This project implements a Retrieval-Augmented Generation (RAG) pipeline to automatically summarize user logs collected within a one-hour window.
The system analyzes log entries for each IP address, produces a concise summary, and classifies user behavior into:
- No Harm
- Harm
RAG enhances contextual understanding by combining relevant document retrieval with large language model (LLM) generation.
- Input: Hourly log data grouped by IP.
- Preprocessing: Metadata extraction and OCR (via Docling) for PDF or text-based logs.
- Retriever: Hybrid search combining
- Metadata filtering (topic, MITRE IDs)
- Keyword search (BM25 via Whoosh)
- Semantic vector search (FAISS + SentenceTransformer embeddings)
- Fusion with Reciprocal Rank Fusion (RRF)
- De-duplication with Maximal Marginal Relevance (MMR)
- LLM Summarization: LangChain-compatible LLM (e.g., Ollama backend) summarizes logs and predicts Harm/No Harm.
- Evaluation:
Precision, Recall, and F1-score are computed by comparing the model outputs with ChatGPT (GPT-5) results as the reference standard.

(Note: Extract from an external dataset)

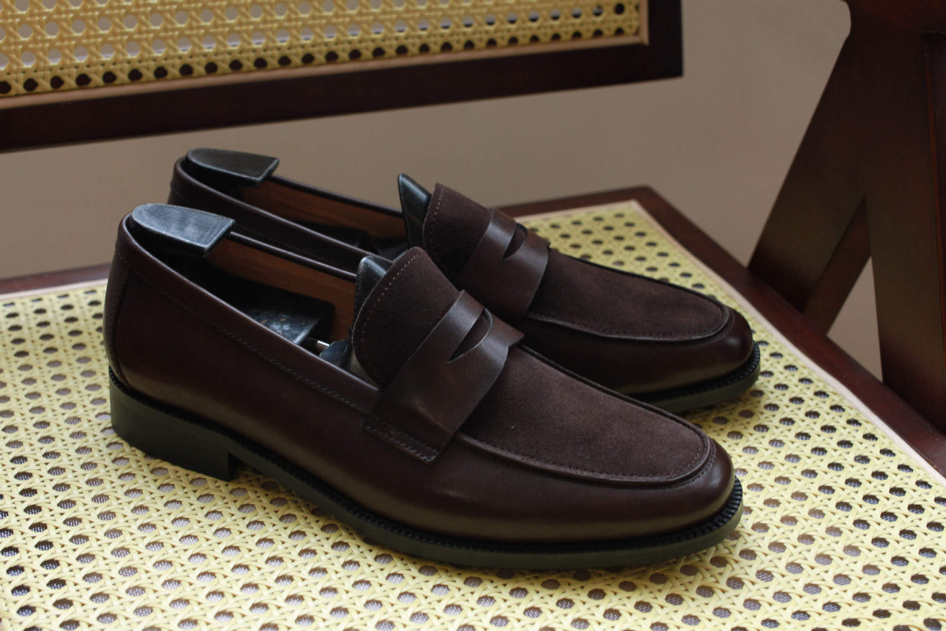 Темно коричневый; Кофе; черная замша; черный

| Metric | Without RAG (qwen3:8b) | With RAG |
|---|---|---|
| Precision | ~0.86 | ~0.98 |
| Recall | ~0.55 | ~0.55 (similar) |
| F1-score | ~0.68 | ~0.70 |
- Scores are close overall, but qualitative analysis shows:
- Non-RAG tends to produce more “Undetermined” or “No Harm” responses.
- RAG more accurately detects “Harm” cases when logs contain domain-specific or context-heavy information.
- If logs include technical or domain-specific content with complex structure → RAG provides real benefit through better context retrieval.
- If logs are short, patterned, or repetitive → non-RAG is sufficient and more efficient in latency and cost.
pip install -r requirements.txtEach output includes:
- One-hour log summary.
- Label: No Harm or Harm.
- Metadata references for transparency.